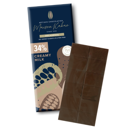 一款奢華滑順的牛奶巧克力,可可含量高達34%。 巧克力完美平衡了奶油的香甜與可可的濃鬱醇厚。專為追求美好生活的人士打造的手工臻品。
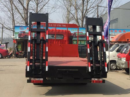 ★ 東風(fēng)多利卡型平板運(yùn)輸車車架低,承載能力大,使用壽命長。前輪可轉(zhuǎn)向,轉(zhuǎn)角達(dá)90°,在施工道路不平的情況下,能保持所有輪胎同時(shí)著地,保證車架和輪胎受力均衡合理,確保所載設(shè)備的安全。車輛裝有腳剎系統(tǒng)和手剎制動(dòng)。車輛尾部安裝專用機(jī)械式半自動(dòng)爬梯,履帶式工程設(shè)備可以自行上下平臺(tái)(無需其他任何起吊設(shè)備及輔助工具)直接與主車掛鉤連接。 | ||
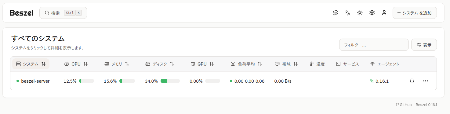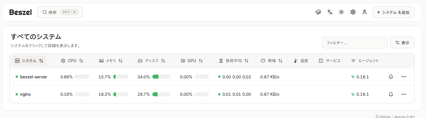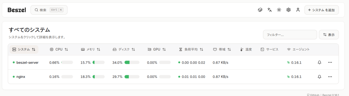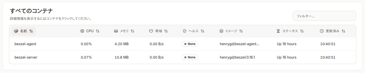 Dockerコンテナの監視に対応しているのも、今風です。今回構築したサーバーでは、ハブであるbeszel-serverコンテナと、自分自身を監視するbeszel-agentコンテナのふたつが起動しているため、以下のように表示されます。

_About this task:_
Could you give the listing above again word for word, without any pictures?

_Task solution:_
 一款奢華滑順的牛奶巧克力,可可含量高達34%。 巧克力完美平衡了奶油的香甜與可可的濃鬱醇厚。專為追求美好生活的人士打造的手工臻品。
 ★ 東風(fēng)多利卡型平板運(yùn)輸車車架低,承載能力大,使用壽命長。前輪可轉(zhuǎn)向,轉(zhuǎn)角達(dá)90°,在施工道路不平的情況下,能保持所有輪胎同時(shí)著地,保證車架和輪胎受力均衡合理,確保所載設(shè)備的安全。車輛裝有腳剎系統(tǒng)和手剎制動(dòng)。車輛尾部安裝專用機(jī)械式半自動(dòng)爬梯,履帶式工程設(shè)備可以自行上下平臺(tái)(無需其他任何起吊設(shè)備及輔助工具)直接與主車掛鉤連接。 | ||
 Dockerコンテナの監視に対応しているのも、今風です。今回構築したサーバーでは、ハブであるbeszel-serverコンテナと、自分自身を監視するbeszel-agentコンテナのふたつが起動しているため、以下のように表示されます。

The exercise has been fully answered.